State lawmakers have set aside $15 billion of the proposed $130 billion budget for possible property tax relief. The state’s largest and oldest fiscal watchdog organization calls that “a great start” but says it “falls short of providing the largest property tax cut in Texas history.”
Both chambers of the Texas Legislature have unveiled their draft budgets for the 2024-2025 fiscal years.
With a $32 billion budget surplus, Gov. Greg Abbott has said that money should be “returned to taxpayers” and used to deliver “the largest property tax cut in Texas history.”
Tim Hardin of Texans for Fiscal Responsibility said his organization’s review of the draft budgets represent “a good start” but that more needs to be done.
“The current record stands at $14.2 billion in compression from the 2008-2009 biennium,” wrote Hardin. “To beat that, adjusting for inflation, the Legislature would need to provide around $20 billion in compression.

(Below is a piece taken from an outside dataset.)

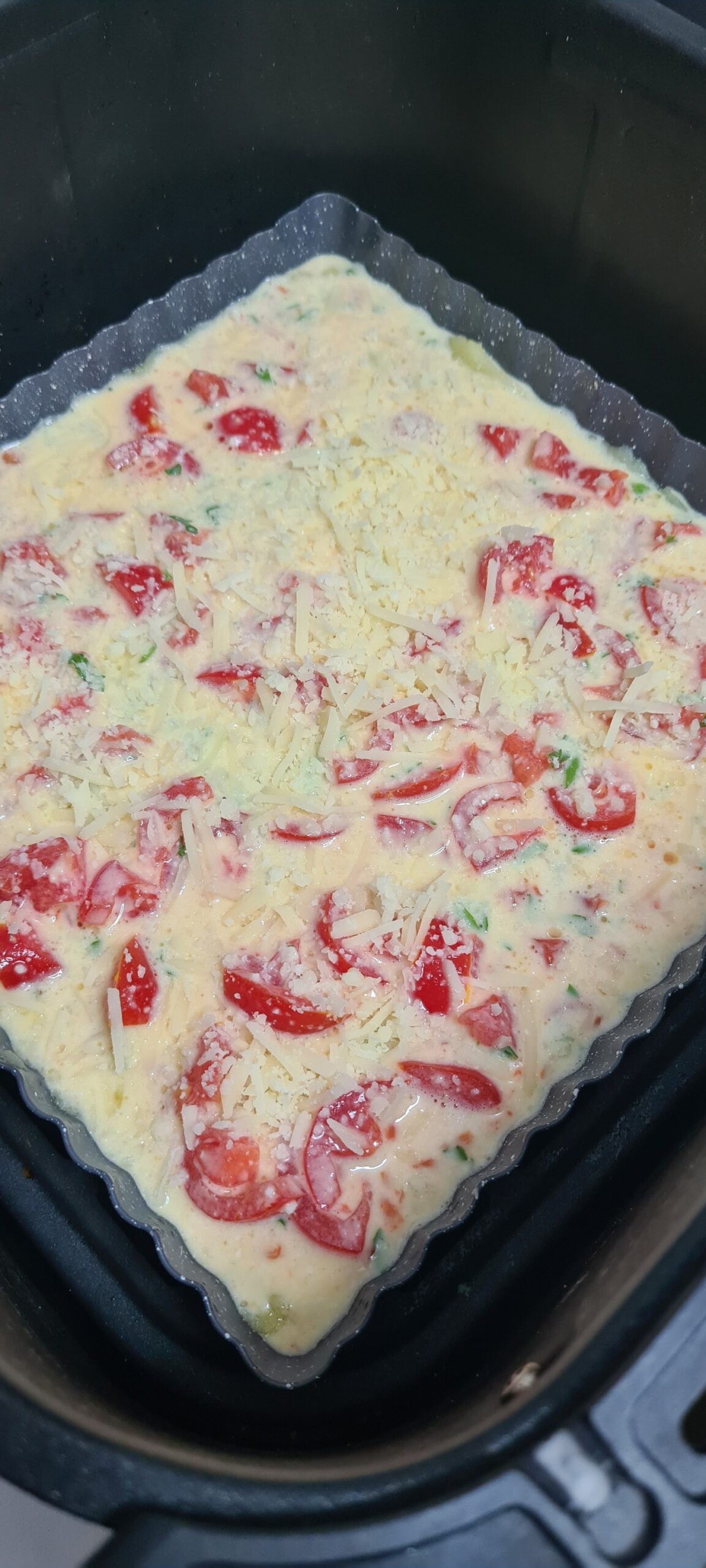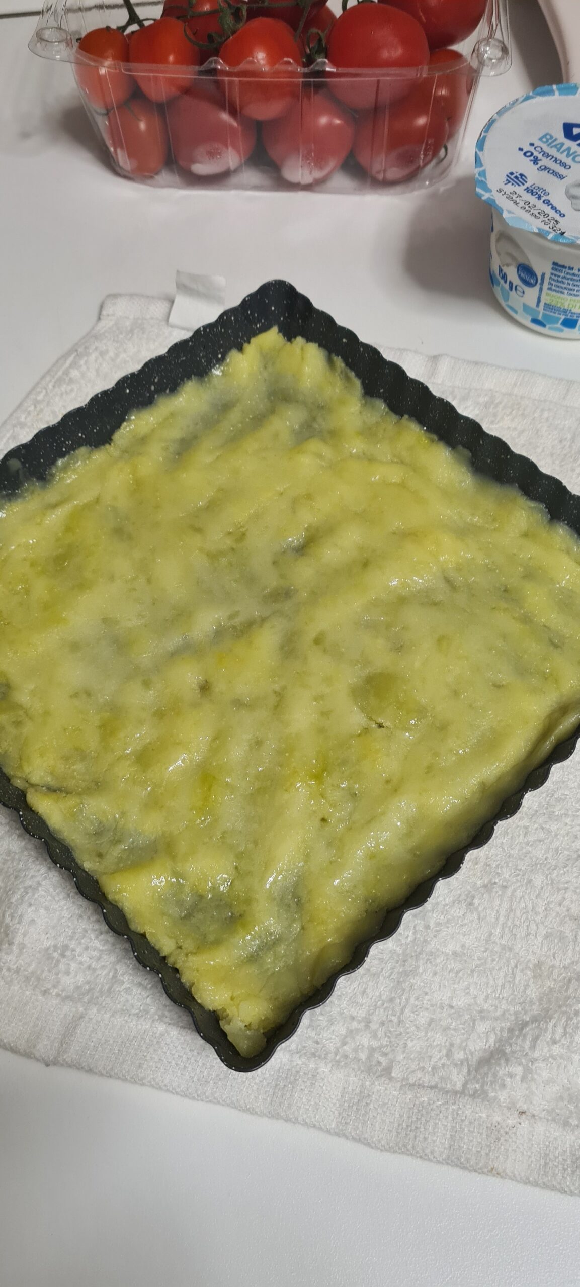 Iniziate lessando le patate e, una volta tiepide, schiacciatele con uno schiacciapatate. Mettetele in una ciotola e aggiungete lo yogurt greco, l’uovo, il parmigiano, il prezzemolo, un pizzico di sale e una spolverata di pepe. Mescolate il tutto fino a ottenere un composto morbido e uniforme. Foderate con carta forno una teglia adatta alla friggitrice ad aria (o al forno tradizionale) e versate l’impasto. Schiacciatelo bene con un cucchiaio per ottenere una base compatta e regolare. Distribuite sopra i formaggi a julienne e adagiate i pomodorini datterini tagliati a metà, con la parte del taglio rivolta verso l’alto. Aggiungete un filo d’olio se lo desiderate. Cuocete in friggitrice ad aria a 180°C per 15 minuti, fino a doratura. In forno tradizionale: 190°C statico per circa 20-25 minuti.

Because property taxes are levied locally, state efforts to reduce the property tax burden require a “compression” of local property tax rates.
Hardin continued:
We encourage the Legislature to continue down the path they have started and put Texas on a path toward the elimination of property taxes, and to come through on Abbott’s plan of the largest property tax cut in history by cutting more spending and providing at least $20 billion in M&O compression; preferably, however, the entire $32.6 surplus will be used.
Texans for Fiscal Responsibility has been promoting what they call the “Texas Prosperity Plan.” It would see lawmakers adopt “no-growth budget” operating—because “government is already too big.” They would use excess tax revenues to then eliminate school property taxes altogether over a period of several years.